Nella lingua parlata "lei" va benissimo ma è vero che sia scorretto. Ma è solo in ambienti "serii" che devi usare ella. Ti posso dire comunque che non l'ho mai usato nella mia vita, neanche con i miei professori in italia. Forse mi hanno perdonato perché ero straniero.


----------



## claudine2006

Nate in California said:


> Nella lingua parlata "lei" va benissimo ma è vero che non è corretto. Ma è solo in ambienti "seri" che devi usare "ella". Ti posso dire comunque che non l'ho mai usato nella mia vita, neanche con i miei professori in italia. Forse mi hanno perdonato perché ero straniero.


Credo proprio di sì.

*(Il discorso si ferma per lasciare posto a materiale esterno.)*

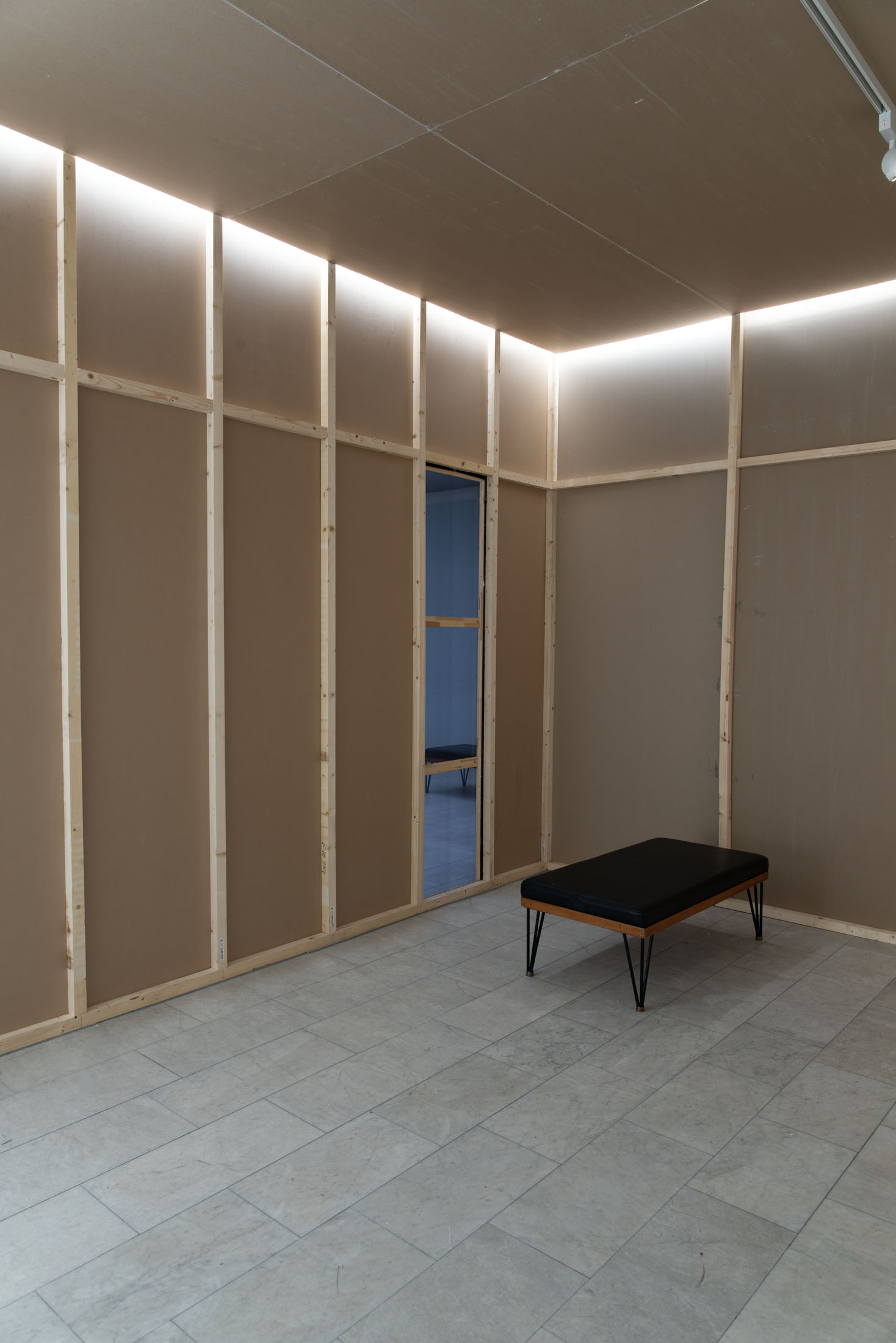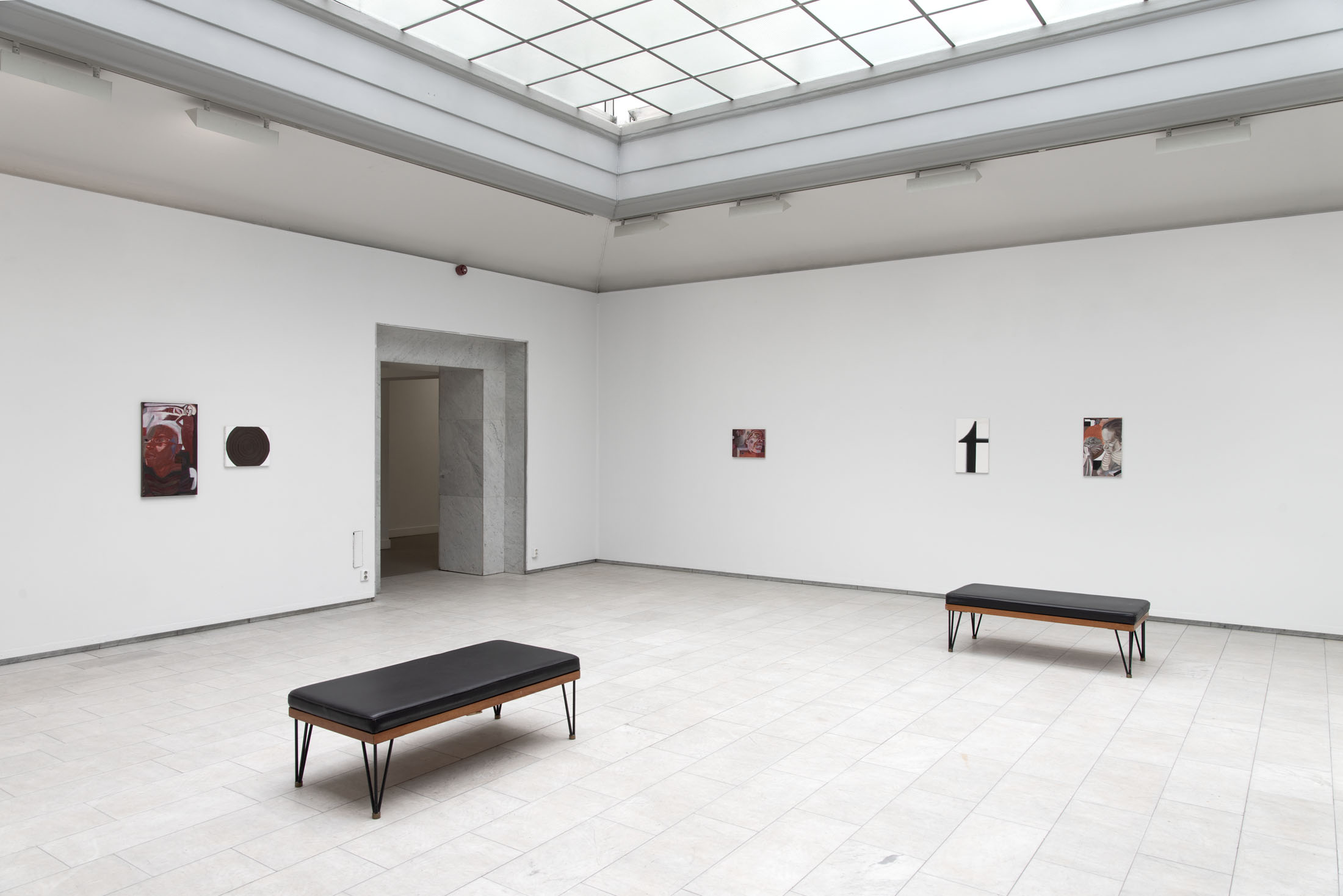 Carl Mannov’s exhibition at Kunstnerforbundet explores the intersection between the staged and the immediate, where everyday elements are inserted into a theatrical reality. In Overlys-salen (the Skylight Hall), he constructs a fragmented narrative in which both people and letters function as visual signs detached from clear meaning.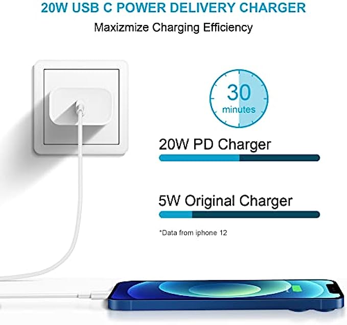 • 【INCORIC PD 3.0 Fast Charger for iPhone】 iPhone Fast Charger equipped with 20W PD 3.0 USB Type C power delivery wall plug, PD 3.0 Quick-Charge USB C port provides Max 20W output power, charge your device up to 3x faster than original 5W charger,charging your iPhone 13 up to 50% in just 30 minutes, saving over 1.5hrs for you.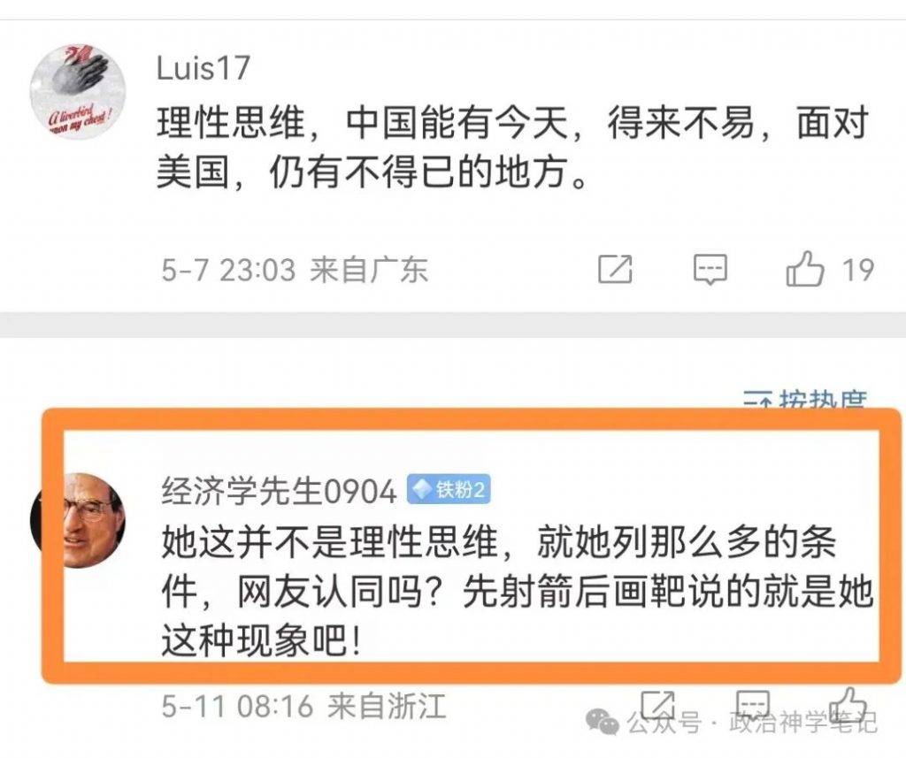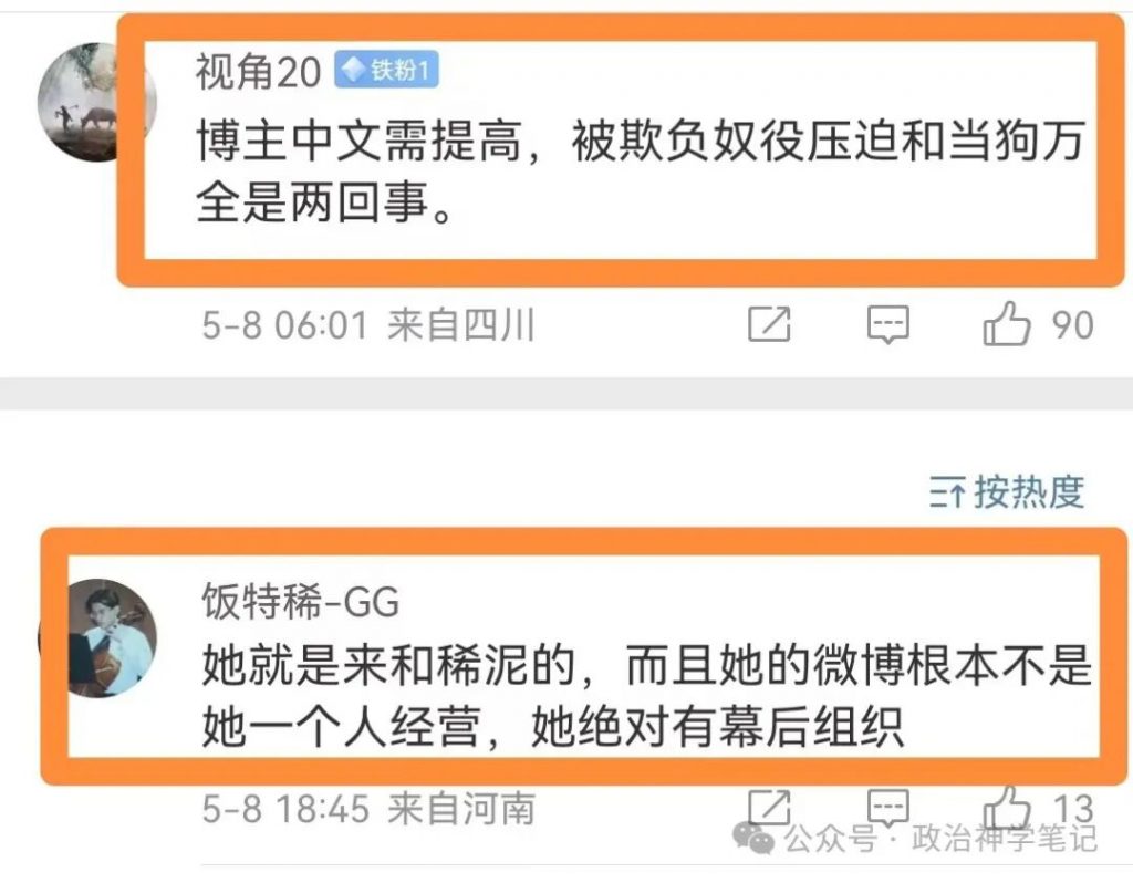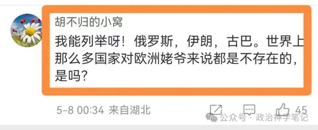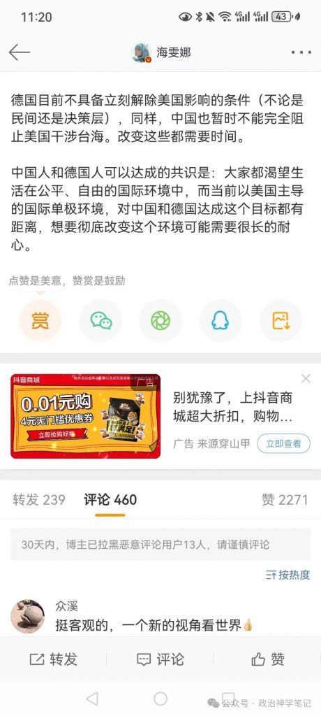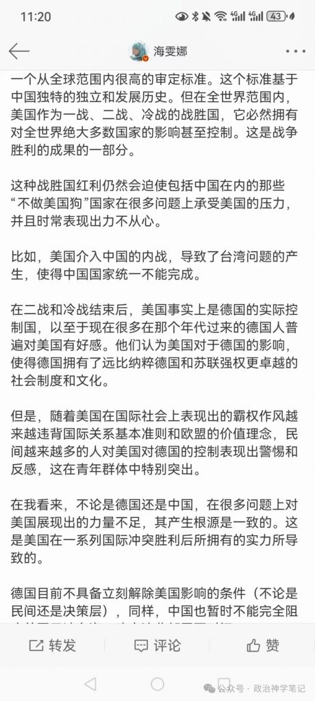 “德国是美国的狗”这句话的潜台词其实是德国政府或德国精英是“美国的狗”,当极端民族主义者用这句话去攻击海雯娜这样的德国老百姓,属于画错了靶子乱射箭,结果却对热爱自己祖国的无辜者造成了实实在在的伤害。所以作为爱面子的德国人,海雯娜回击时显然力求对中国的极端民族主义者造成同等伤害,于是列出六条有助于一国精英抗压”不做狗”的条件。其言下之意是,如果中国没有满足其中任何一条,你怎么知道中国的精英不会投降当狗呢?海雯娜接着搬出台湾问题,使整条微博更加意味深长。台湾是中国领土的一部分,但它现如今却被美国殖民着,谁敢说中国没有承受压力?世界上两百多个国家中,真正独立自主的联合国成员,即使加上俄罗斯、朝鲜、伊朗、古巴,也只有屈指可数的几个。无论从理性逻辑还是客观现实来讲,面对美欧的强势围攻,这些国家无一不处于守势,所以根本不用奇怪,它们内部始终存在一股强大的精英投降派。这部分人已经做好了随时为奴为婢的“做狗”准备,因为他们认为,反抗可能使他们的财富灰飞烟灭,而“做狗”却可以使他们在很长一段时间里高枕无忧。当然,我引申出的这些内容或许都是海雯娜不便说明的,也或许是她未能考虑到的。然而在微博末尾,海雯娜非常中肯地总结了自己的观察——中德都对美国展现出力量上的不足,也表达了德国年轻人的心声和中德之间最重要的共识,那就是期盼有一天将中德彻底从美国的束缚中解救出来。由此共同目标压阵,实在难以理解评论区少数极端民族主义者为何还要对海雯娜的这条微博百般挑剔甚至于强词夺理。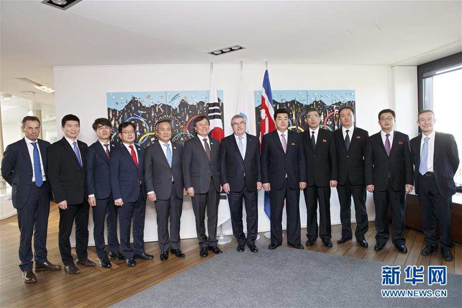 2月15日,国际奥委会主席巴赫(右六)与韩国文化体育观光部长官都钟焕(左六)和朝鲜奥委会主席、体育相金日国(右五)在会前合影。 新华社发(萨尔瓦托雷·迪·诺尔菲摄)

Nell'insegnamento della lingua italiana agli stranieri c'è la tendenza ad insegnare direttamente i pronomi usati nella lingua parlata (di basso livello); certo si semplificano molto le cose, ma poi ci si trova dinanzi a problemi come quello che stiamo discutendo in questo _thread_.


----------



## Nate in California

> Credo proprio di sì. Nell'insegnamento della lingua italiana agli stranieri c'è la tendenza ad insegnare direttamente i pronomi usati nella lingua parlata (di basso livello); certo si semplificano molto le cose, ma poi ci si trova dinanzi a problemi come quello che stiamo discutendo in questo _thread_.


 
Per chiarificare, credo che sia importante imparare tutta la grammatica. Nel nostro caso, ci hanno insegnato tutto, soprattutto perché altrimenti non saremmo riusciti a leggere ad un alto livello. Un altro aspetto della grammatica che abbiamo imparato ma che io non uso mai è il passato remoto -- tempo verbale importantissimo per leggere ma altrimenti poco utile (al nord).


----------



## claudine2006

Siamo entrati nella solita diatriba: uso dei pronomi ed uso dei verbi. Ho già espresso in vari _post _la mia idea. 
Continuo a pensare che è necessario parlare bene un idioma per poter dire di averne la padronanza. 
É possibile parlare inglese senza usare mai (o quasi) il condizionale, cercando scorciatoie, ma sapendolo riconoscere se lo trovo in un libro, ma questo non mi rende "padrona della lingua". 
Il passato remoto è importantissimo non solo per leggere, ma anche per potersi esprimere correttamente.
Comunque credo che ci stiamo allontanando dal tema principale qui proposto.


----------



## Noa-Spain

Pues mi profesor de italiano siempre me dijo que se usaba asi :S.. que lio tengo ahora!!


----------



## claudine2006

Noa-Spain said:


> Pues mi profesor de italiano siempre me dijo que se usaba asi :S.. que lio tengo ahora!!


Me lo imagino. He tenido discusiones con profesores de la EOI que usan libros de gramática "muy simplificados".


----------